Three access patterns from the phone: SSH directly to the local agent, SSH to the frontier agent on the VPS, or let the local agent delegate to the frontier agent autonomously. All through the same WireGuard mesh.

Total Cost

Item	Cost
VPS (6 months prepaid)	29.40€
WireGuard	0€
Claude Code	0€ (existing Pro sub)
Qwen Code	0€ (Apache 2.0)
llama-server	0€ (compiled from source)
Qwen 27B model	0€ (Apache 2.0)
MAS "framework"	0€ (SSH + tmux)
Total	29.40€ + electricity

What I Learned

1. MAS over Unix primitives works

SSH (1995), tmux (2007), WireGuard (2018) — three primitives that replace LangGraph, CrewAI, AutoGen, and n8n combined. The terminal is the API. tmux is the SDK. I wrote a full piece on this.

2. The "Code" naming is reductive

Claude Code, Qwen Code, Gemini CLI — these are full autonomous agents, not programming assistants. Today, these tools did sysadmin, networking, documentation, and architectural analysis. Zero lines of application code were written.

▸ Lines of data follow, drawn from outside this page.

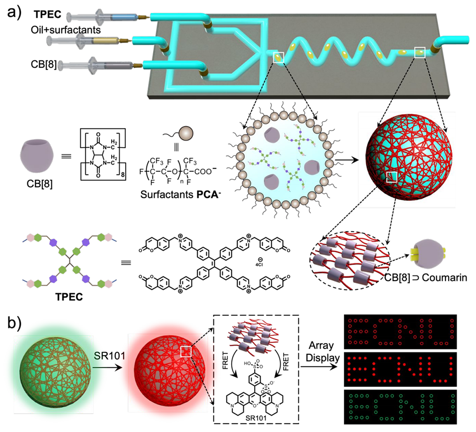 图1. (a) 微流控液滴介导的超分子有机框架界面组装示意图,其中引入带负电的表面活性剂(PCA⁻)调控四香豆素功能化聚集诱导发光配体(TPEC)与葫芦[8]脲(CB[8])的界面组装过程;(b) 包封磺基罗丹明101(SR101)后,微胶囊内TPEC⊂CB[8]复合物与SR101间发生荧光共振能量转移,实现多通道液滴阵列显示“ECNU”图案。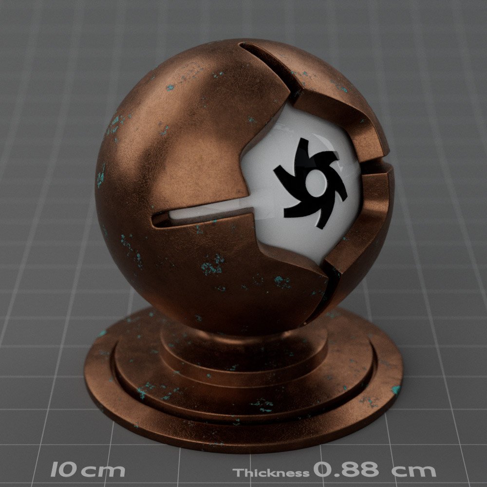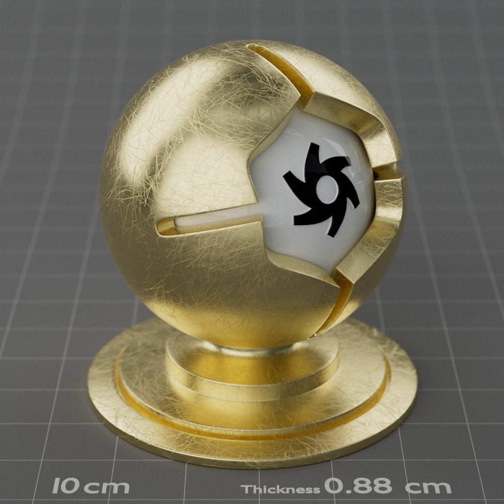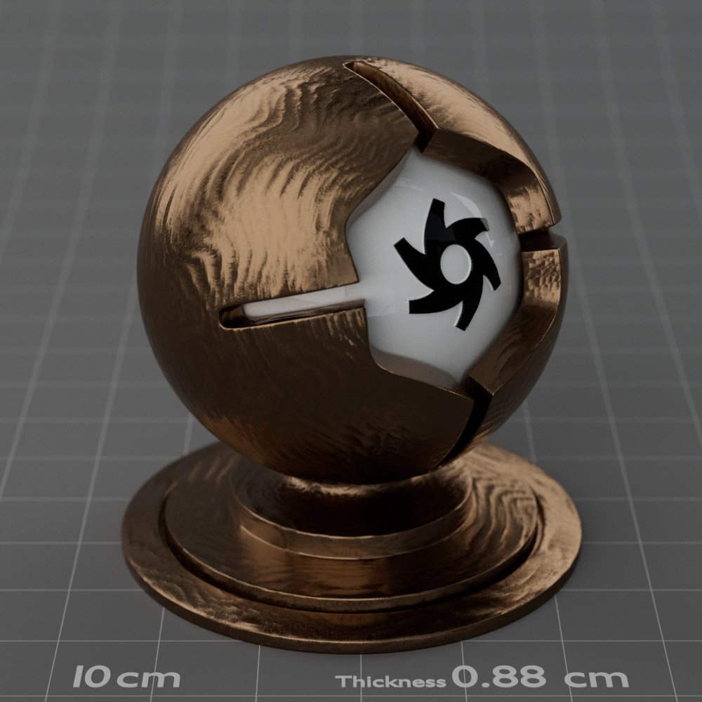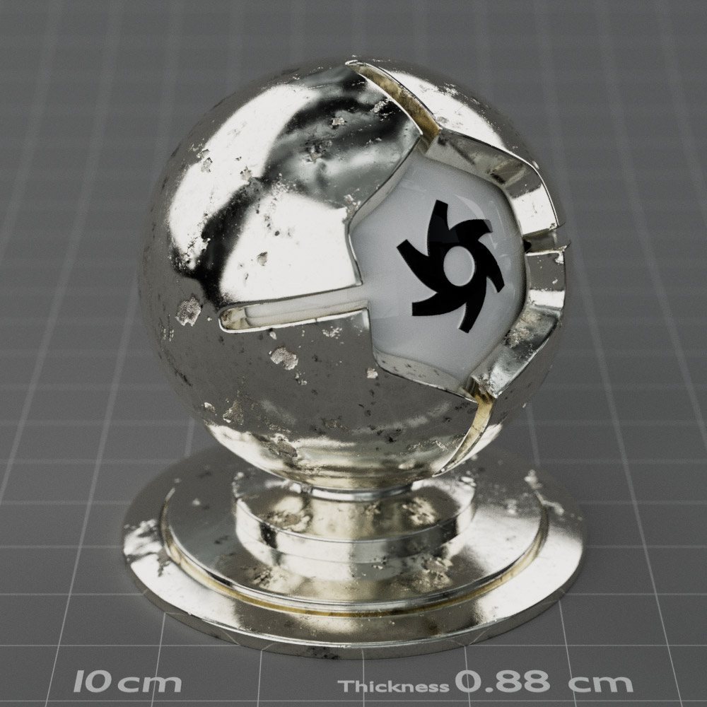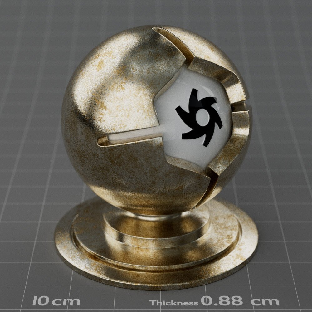 Included are 10 base metals: Aluminum, Brass, Bronze, Chrome, Copper, Gold, Iron, Platinum, Silver, and Steel. Every one has dozens of mutations like Polished, Smudged, Sandblasted, Cast, Grinded, Raw, Brushed, Powder Coated, Galvanized, Hammered, Wrought, Forged, Corroded/Rusted, Painted, Scratched, Pitted, Dented, and Damaged. This pack will help you iterate and find the perfect metal quickly, without having to dive into the node tree.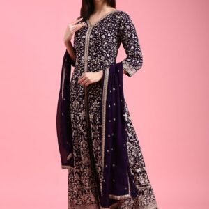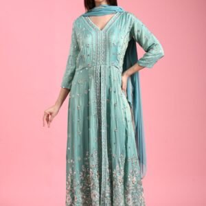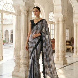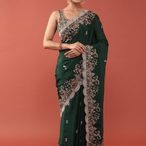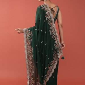Bottle Green Crepe Embroidery Saree With Readymade Blouse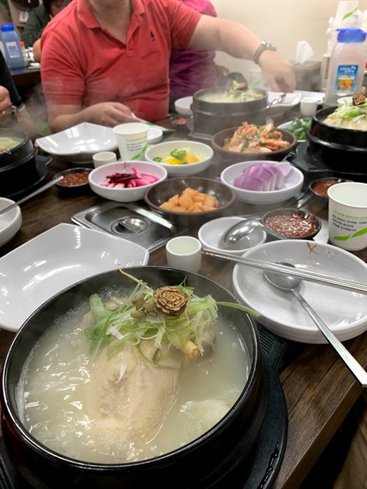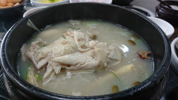 Jangsosam Restaurant is a traditional Korean restaurant located in Busan and is famous for its delicious local ginseng chicken soup that is full of healthy nutrients, making it an ideal dish for the colder months. Delightful colors on the table, and the restaurant has an authentic Korean atmosphere.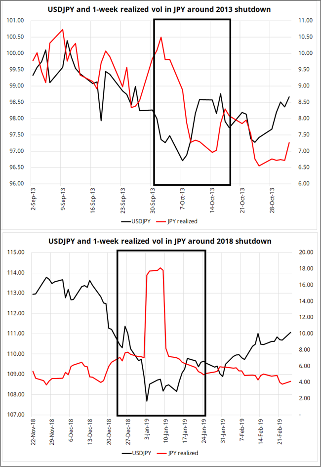 You can see USDJPY sold off into both shutdowns and rallied thereafter. Questions of fiscal drag arise but are waved off by the time the government reopens a few weeks later. Volatility falls as reopening appears likely.

3. Dense 20B+ is the floor for inter-agent piloting

The frontier delegation pattern requires a minimum of cognitive depth — meta-cognitive judgment, situational parsing, multi-step planning. A 7B can't do it reliably. A 27B dense model with the right stack (memory, skills, epistemic system prompt) handles it naturally.

4. The hybrid SSM + Transformer architecture changes everything

18.8M tokens in a single session, 2 compactions, 131K context in 24 GB VRAM — impossible with a pure Transformer of the same size. The 33% attention / 67% SSM split is brutally efficient on memory. This is what makes a 27B model viable as an all-day agent on consumer hardware.

5. Sovereignty isn't all-or-nothing

Local inference, local memory, filtered DNS, private VPN — critical data stays under control. Gmail and YouTube stay with Google. Pragmatism beats purism. The goal isn't to eliminate all external dependencies. It's to control the ones that matter.

April 12, 2026 — Zwevegem to France to the world. One Sunday, two St. Feuillien Grand Cru, a non-coder, and tools that are 30 years old.